Thread: Determining all the zeros of a function

1. Determining all the zeros of a function

Determine the zero's

f(x) = kx^3 - 8x -x +3k + 1 k=3 and has a zero when x = 2

3x^3 - 8x^2 - x + 3(3) + 1

= 3x^3 - 8x^2 - x +10 <<<<< don't know what to do after this step

2. Originally Posted by Devi09
...
It's hard to follow what you did: what happened to k?

3. Well you had to first find the value of k which is 3 after you solve for it given one of the zeros which was 2

4. You probably have to factor 3x^3 - 8x^2 - x +10 to get the zeros. But Im stuck at that part

5. Originally Posted by Devi09
You probably have to factor 3x^3 - 8x^2 - x +10 to get the zeros. But Im stuck at that part
You know that x=2 is a root, so (x-2) is a factor. So divide 3x^3 - 8x^2 - x +10 by (x-2) to get the quadratic which will give you the two remaining roots.

CB

6. Hello, Devi09!

$\text{Determine the zeros:}$

. . $
f(x) \:=\: kx^3 - 8x^2 -x +3k + 1,\;k=3$

Why do they do that? . . . Can't they plug in the 3?

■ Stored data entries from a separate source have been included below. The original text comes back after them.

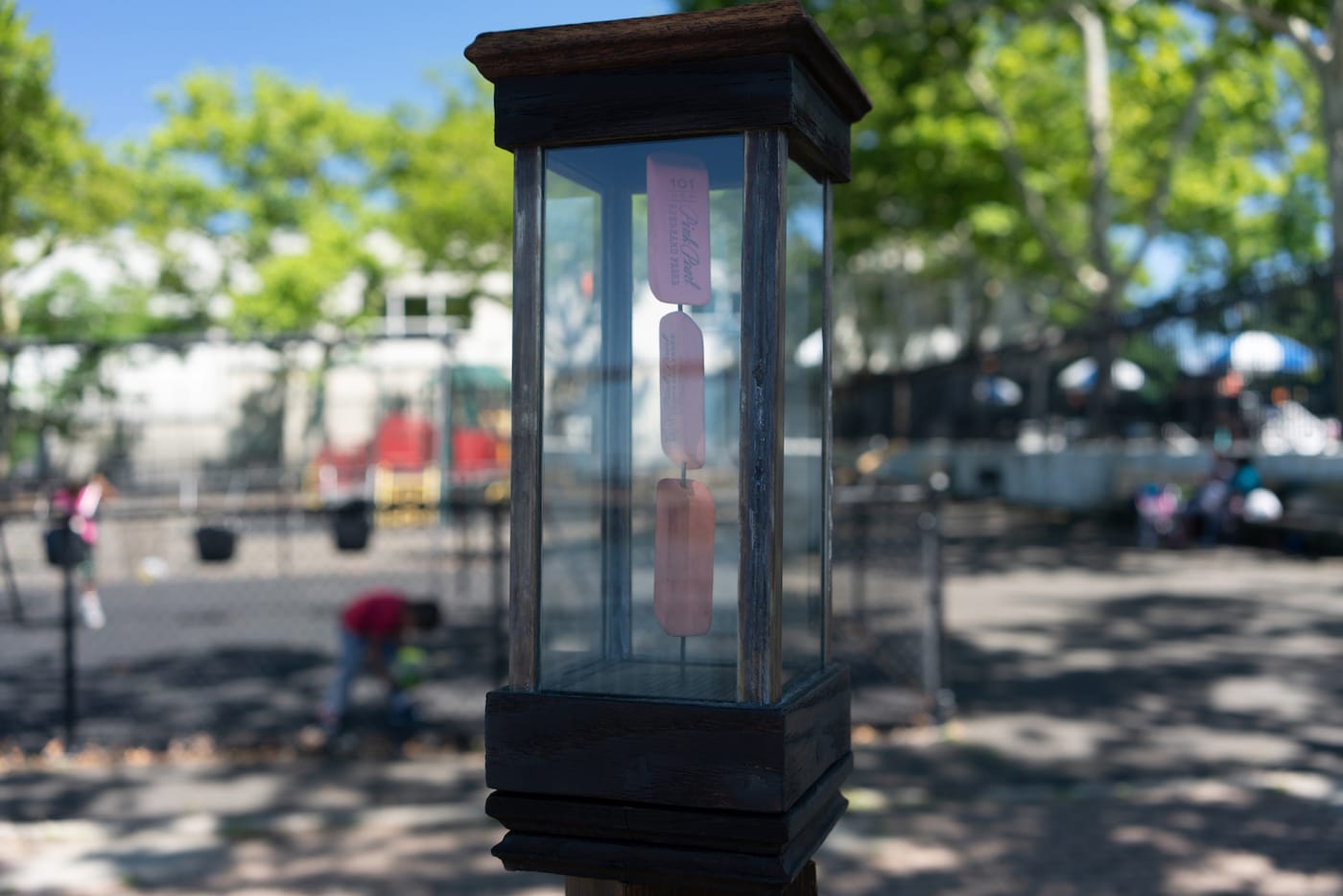 It’s that local history that artist Jackie Mock wanted to celebrate in The Pencil Museum, a new installation in Faber Park, once the site of the Faber Mansion. “It’s amazing that [Eberhard Faber] was one of the first big factories in New York, and a lot of people who use the park every day have no idea what the Faber name is or how it ties into the history of the city,” Mock told Hyperallergic.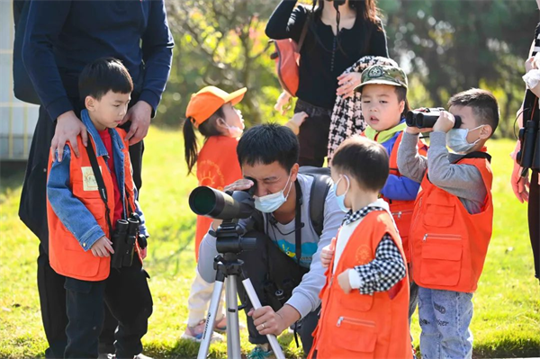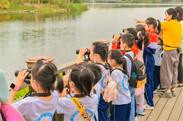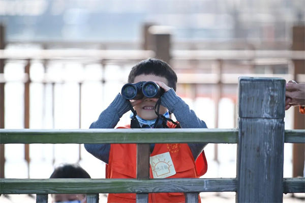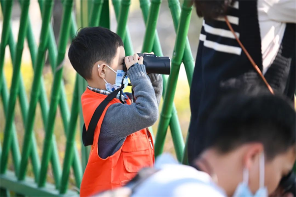 自然导师带领孩子们来到观鸟长廊和观鸟屋,一起探秘鸟精灵,认识普通鸬鹚、苍鹭、大白鹭等迁徙的冬候鸟,了解园博苑常见的鸟类。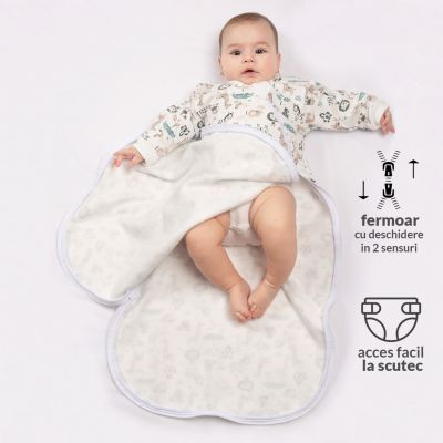 SAcul este prevazut pe lateral cu un fermoar generos ce pe langa faptul ca nu deranjeaza bebelusul in partea frontala, dar permite deschiderea „tip carte” aspect extrem de util la imbracare/dezbracare. Totodata, fiind prevazut cu 2 cheite si dublu sens, fermoarul permite schimbarea rapida a scutecului, fara a dezbraca complet bebelusul. Acest lucru minimizeaza riscul ca bebelusul sa simta frigul in timpul schimbarii scutecului pe timpul noptii. -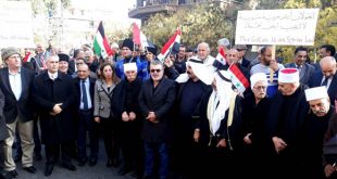 دمشق-سانا رفضاً لغطرسة كيان الاحتلال الصهيوني ورداً على ممارساته وقراره التوسع في إقامة مستوطنات جديدة في الجولان نفذ عدد من أبناء الجولان السوري المحتل اعتصاماً أمام مفوضية بعثة اللجنة الدولية للصليب الأحمر بدمشق. وجدد أبناء الجولان خلال الاعتصام تأكيدهم على …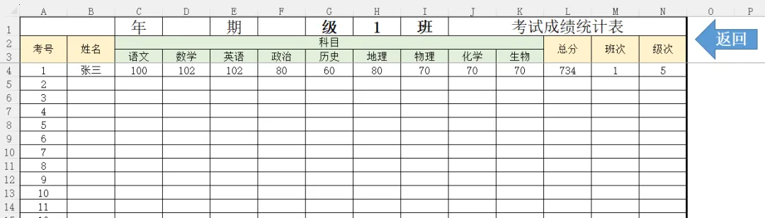 📌 模板亮点二:自动汇总与排名,一键生成年级榜单

. . $\text{and has a zero when }x = 2.$

So we have: . $f(x) \:=\:3x^3 - 8x^2 - x + 10$

Since $f(2) = 0$, then $(x\!-\!2)$ is a factor of $\,f(x).$

We find that: . $f(x) \;=\;(x-2)(3x^2-2x-5) \;=\;(x-2)(x+1)(3x-5)$

Therefore, the zeros are: . $x\:=\:2,\,\text{-}1,\,\frac{5}{3}$

Edit: Too slow . . . again.